[Records contained in a dataset]

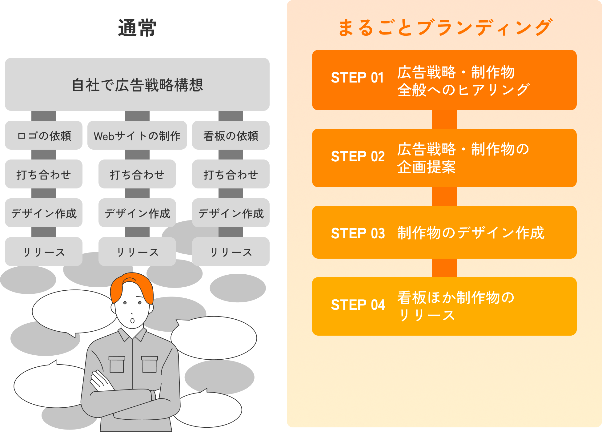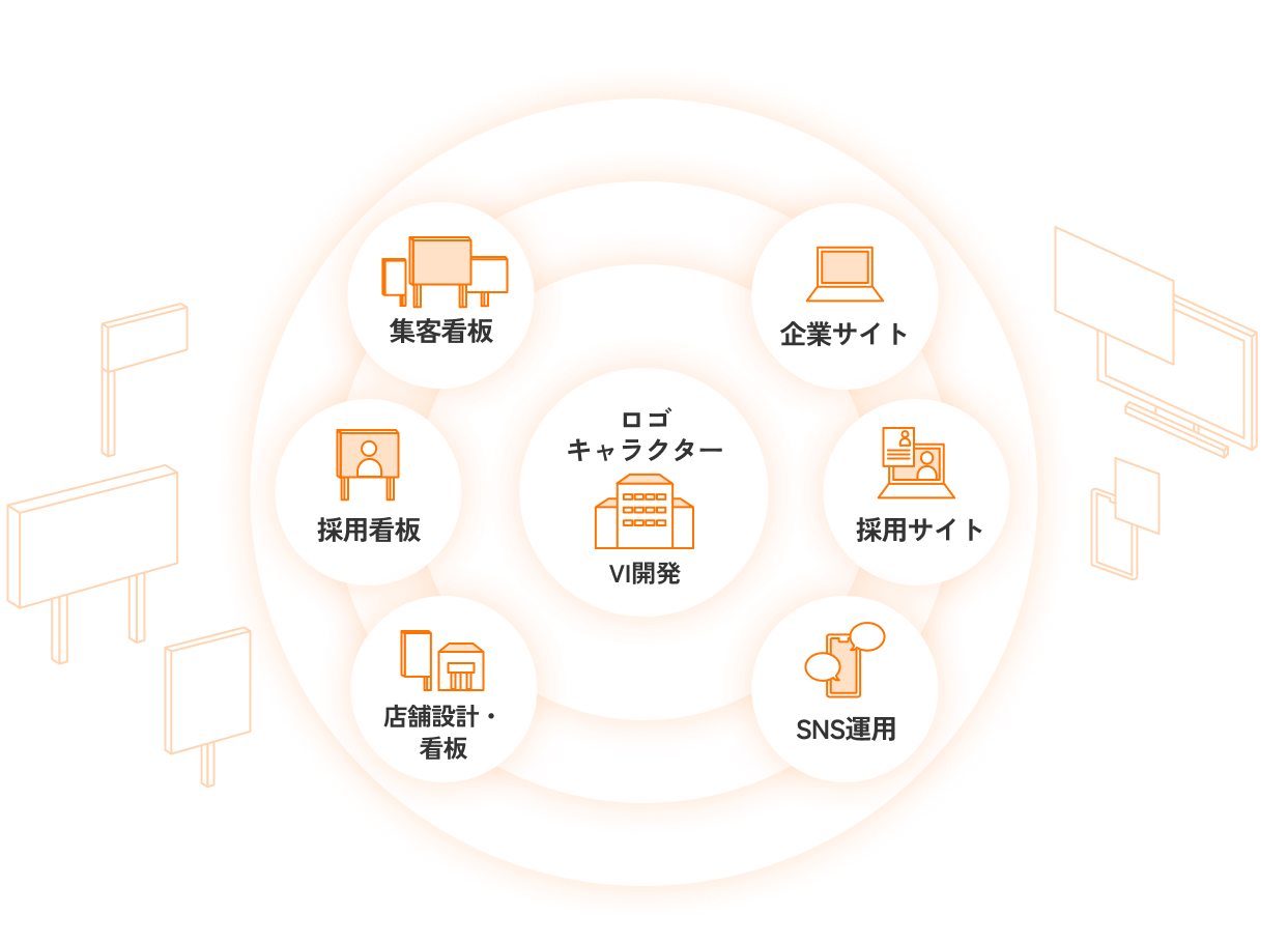 看板も、ロゴも、キャラクターも。 ラクして、一気に カタチ に。
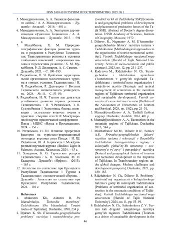 10. Риджбеков, Н. Ш. Влияние природных факторов на туристско-рекреационный потенциал верховья реки Пяндж / Н. Ш. Риджбеков, Ш. А. Каримзода // Международный научный журнал “Endless Light in Science”, Астана, Казахстан, 2024. - 45 с.
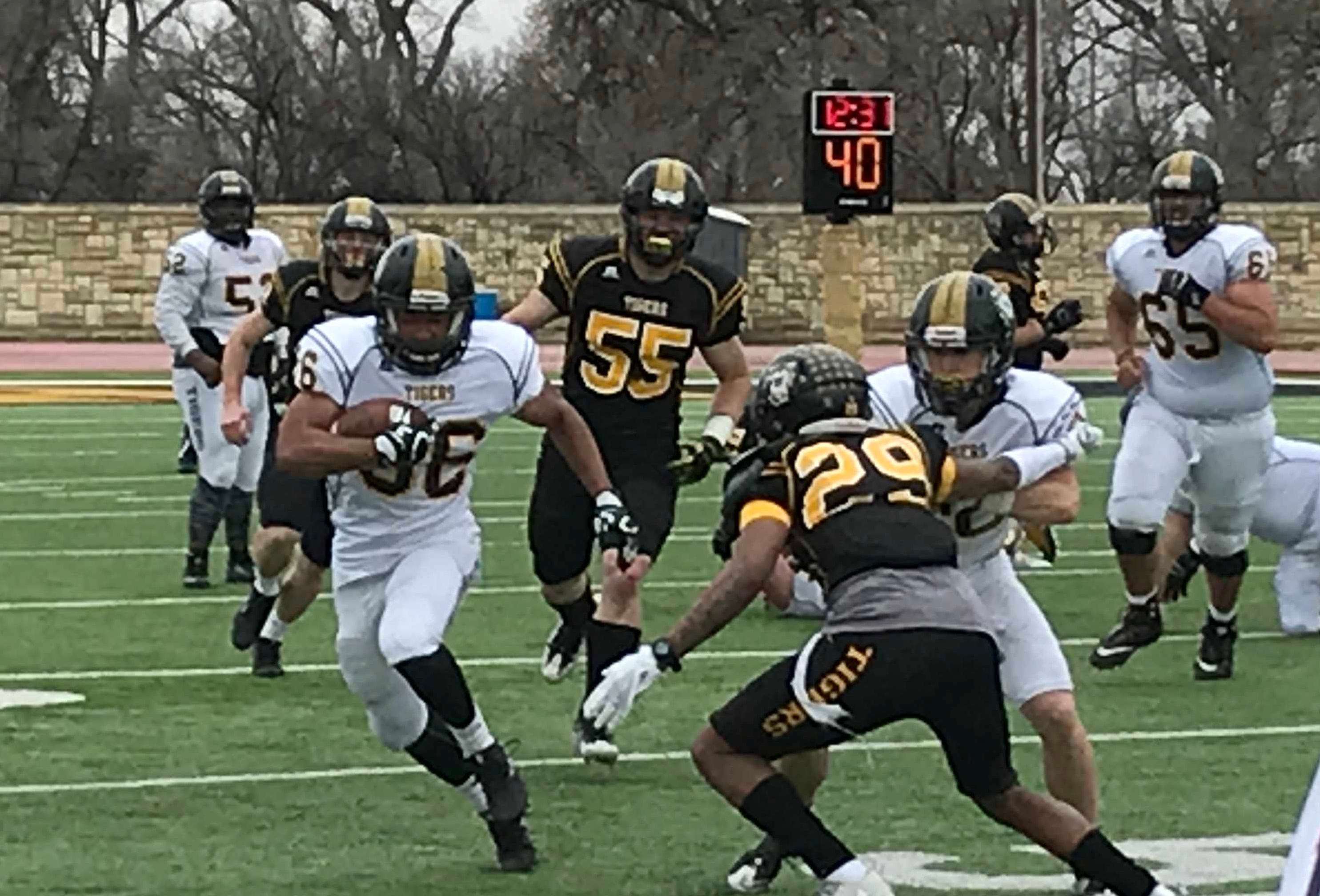 HAYS, Kan. – The Fort Hays State football team wrapped up their spring practices with their annual Spring Scrimmage on a cool and damp Saturday afternoon at Lewis Field. The White Team, which was comprised of the No. 1 offense and No. 2 defense beat the Black Team (No. 1 defense and No. 2 offense) 30-7.
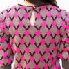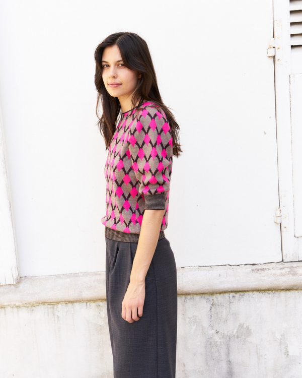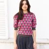 Margaery-Puff Sleeve Geometric Jacquard Sweater-Pink/Beige/Prune
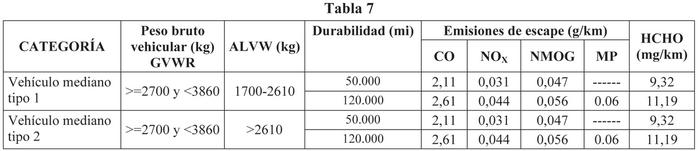 a) La durabilidad, expresada en millas, para cada conjunto de emisiones de escape, señalado en la Tabla 7 deberá ser acreditada conforme a lo dispuesto en el número 3º del decreto supremo Nº 54 de 1997 del Ministerio de Transportes y Telecomunicaciones, que dispone normas sobre homologación de vehículos.
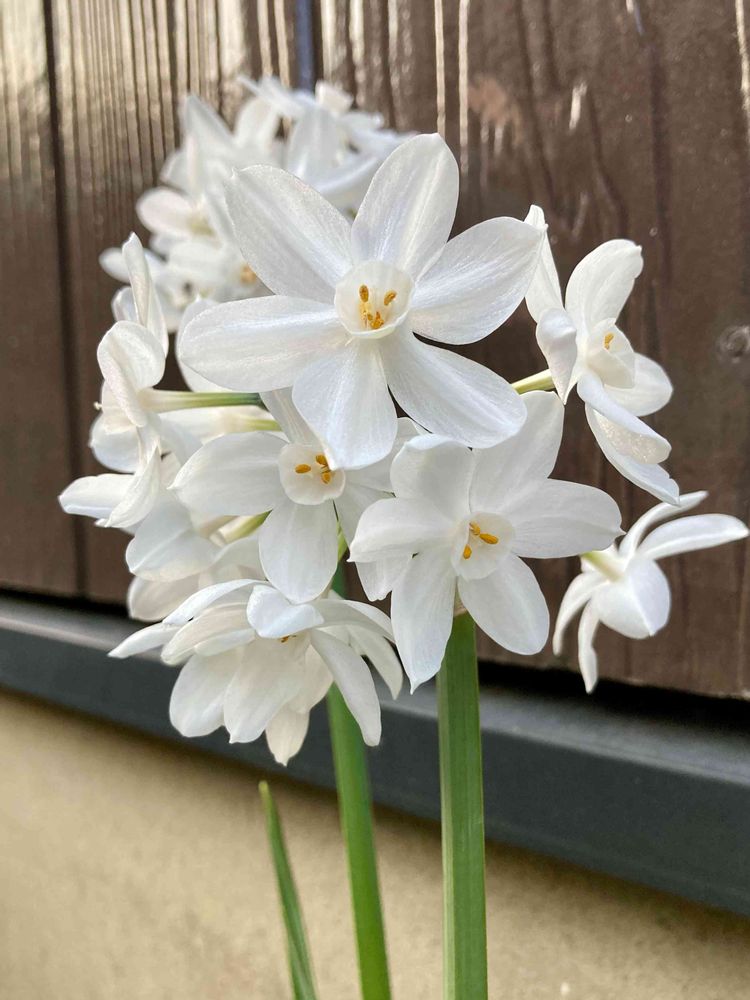 ウォーキング中にお花屋さんの前を通りかかり真っ白で美しいペーパーホワイトに出会ってしまいました。
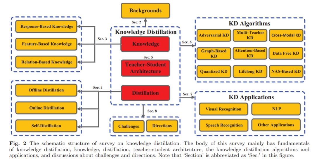 本文对知识蒸馏的研究进行了综述。本综述的主要目的是1) 全面概述知识蒸馏,包括动机的背景,基本符号和公式,以及几种典型知识,蒸馏和算法; 2) 全面回顾知识蒸馏的最新进展,包括理论、应用和在不同现实场景下的扩展; 3) 从知识迁移的不同角度,包括不同类型的知识、训练方案、知识提炼算法/结构和应用,阐述知识蒸馏的一些挑战和见解。本文组织概况如图2所示。具体地说,本文的其余部分结构如下。第二节给出了知识蒸馏的重要概念和常规模型。知识和蒸馏的种类分别在第3节和第4节中进行了总结。现有的关于知识提炼中的师生结构的研究在第5部分进行了说明。第6节对许多最新的知识蒸馏方法进行了全面的总结和介绍。知识蒸馏的广泛应用将在第7节的不同方面加以说明。第8节讨论了知识蒸馏中具有挑战性的问题和未来的方向。最后,在第9节给出结论。

AIM OF THE TASK: Exact copies of the lines from the one containing "a) La durabilidad, expresada" through the final line of the data are required; pictures are to be omitted.

REPLY:
 a) La durabilidad, expresada en millas, para cada conjunto de emisiones de escape, señalado en la Tabla 7 deberá ser acreditada conforme a lo dispuesto en el número 3º del decreto supremo Nº 54 de 1997 del Ministerio de Transportes y Telecomunicaciones, que dispone normas sobre homologación de vehículos.
 ウォーキング中にお花屋さんの前を通りかかり真っ白で美しいペーパーホワイトに出会ってしまいました。
 本文对知识蒸馏的研究进行了综述。本综述的主要目的是1) 全面概述知识蒸馏,包括动机的背景,基本符号和公式,以及几种典型知识,蒸馏和算法; 2) 全面回顾知识蒸馏的最新进展,包括理论、应用和在不同现实场景下的扩展; 3) 从知识迁移的不同角度,包括不同类型的知识、训练方案、知识提炼算法/结构和应用,阐述知识蒸馏的一些挑战和见解。本文组织概况如图2所示。具体地说,本文的其余部分结构如下。第二节给出了知识蒸馏的重要概念和常规模型。知识和蒸馏的种类分别在第3节和第4节中进行了总结。现有的关于知识提炼中的师生结构的研究在第5部分进行了说明。第6节对许多最新的知识蒸馏方法进行了全面的总结和介绍。知识蒸馏的广泛应用将在第7节的不同方面加以说明。第8节讨论了知识蒸馏中具有挑战性的问题和未来的方向。最后,在第9节给出结论。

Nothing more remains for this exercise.